━━━ RECORDS FOR THE EXERCISE ━━━

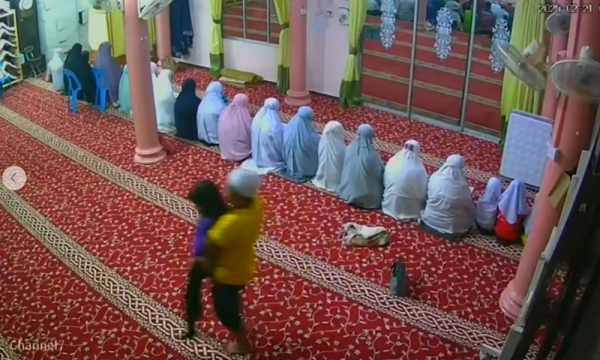 Dalam rakaman itu, seorang lelaki berkopiah putih menyelinap masuk ke bahagian ruangan solat wanita sebelum memeluk dari belakang budak itu dan membawanya keluar dari ruangan solat wanita.
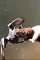 Корм добывают одинаково успешно как на берегу, так и на воде — на мелководье или плёсах. В поисках пищи на открытой воде собирают её на поверхности или под ней, погружая в воду голову, часть туловища или ныряя на глубину до 1—1.5 м[4].
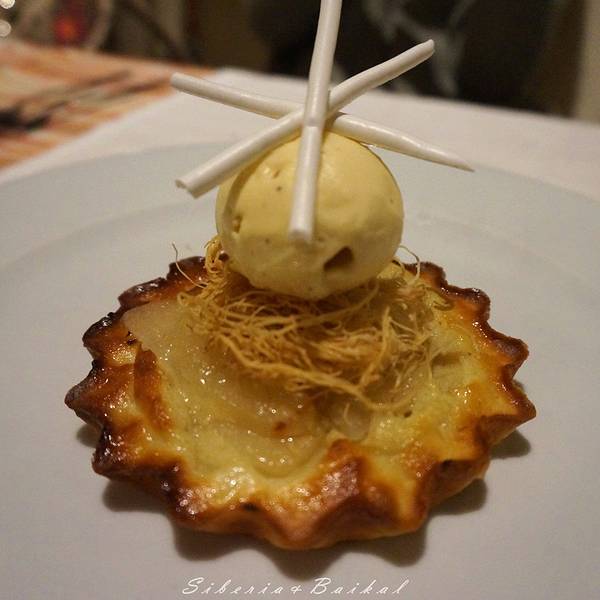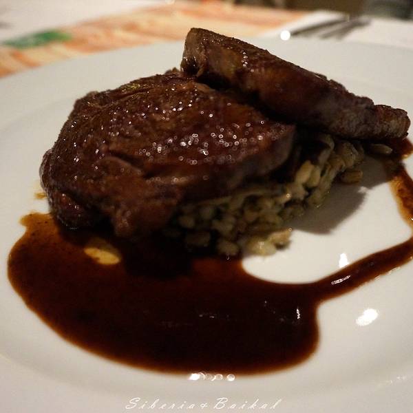 晚餐在Figaro吃的,伊尔库茨克排名第3的餐厅,环境不错,但是性价比不高,餐厅位置在130街区附近。餐厅内有一个服务员会讲中文,有英文菜单,但是菜单上无图片。 推荐大虾沙拉,超大一份,好吃不贵海鲜汤,料很足,味道不错。说一下这里有名的红菜汤我们来的第一晚就吃了,感觉并没有什么特别,所以后面就没有再点Pear tart味道很不错,强烈推荐。香草冰淇淋球、焦糖、热梨子片,最好吃的一道甜品这份牛排有点坑,点餐的时候服务员就一直跟我们讲没有点主食,她推荐了牛排,也没有让我们选择,直接帮我们点了一份超级贵的牛排!最后结账的时候,竟然吃了4300卢布
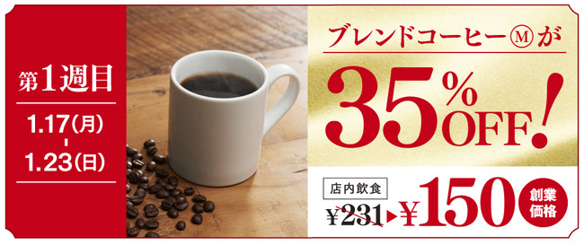 <第1週目は、「ブレンドコーヒー」が創業価格で登場!“35%”OFFの150円で販売>
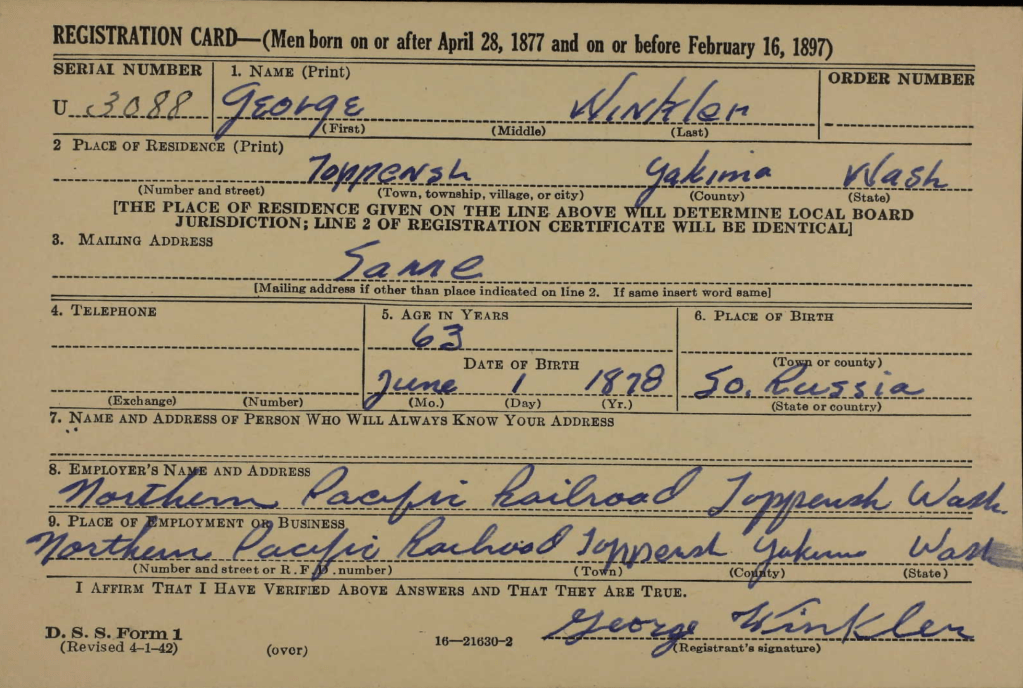 | Winkler, Johnny | Son | M, W, 16 | No | Yes | Washington | Russia | Russia | German | Yes | Laborer | Railroad | |||||
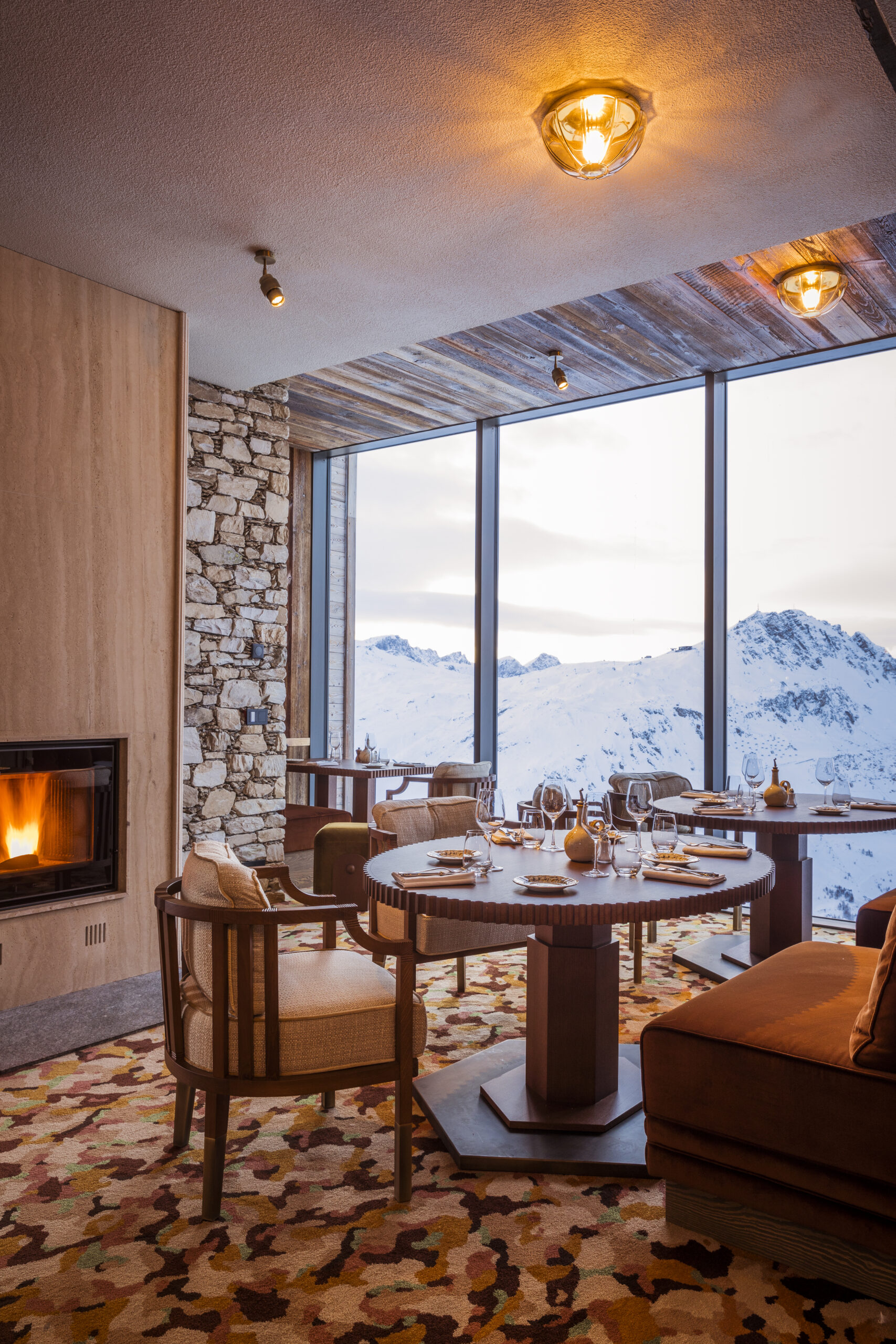C’est au refuge de Solaise, une ancienne gare de téléphérique reconvertie en hôtel de luxe (l’un des plus beaux hôtels des Alpes cela dit en passant), que notre fantasque dandy Milanais a choisi de s’installer. Dans ce belvédère planté à flanc de crête, à 2 550 mètres d’altitude, Gigi propose le meilleur de la gastronomie italienne dans un espace chaleureux influencé par l’élégance mutine des années 70. Cette décoration enveloppante, le restaurant la doit à Hugo Toto qui a privilégié les couleurs chaudes, le velours et le bois sculpté. Un décor chaleureux qui s’accorde parfaitement à la personnalité du maître des lieux avec, clin d’œil discret aux terres natales de Gigi, des citrons sculptés sur les bas-reliefs.

━━━

Nothing but the lines above, starting at the line that contains "<第1週目は、「ブレンドコー" and ending at the line that contains "Railroad | |||||", should be given again, exactly and without the pictures.

 <第1週目は、「ブレンドコーヒー」が創業価格で登場!“35%”OFFの150円で販売>
 | Winkler, Johnny | Son | M, W, 16 | No | Yes | Washington | Russia | Russia | German | Yes | Laborer | Railroad | |||||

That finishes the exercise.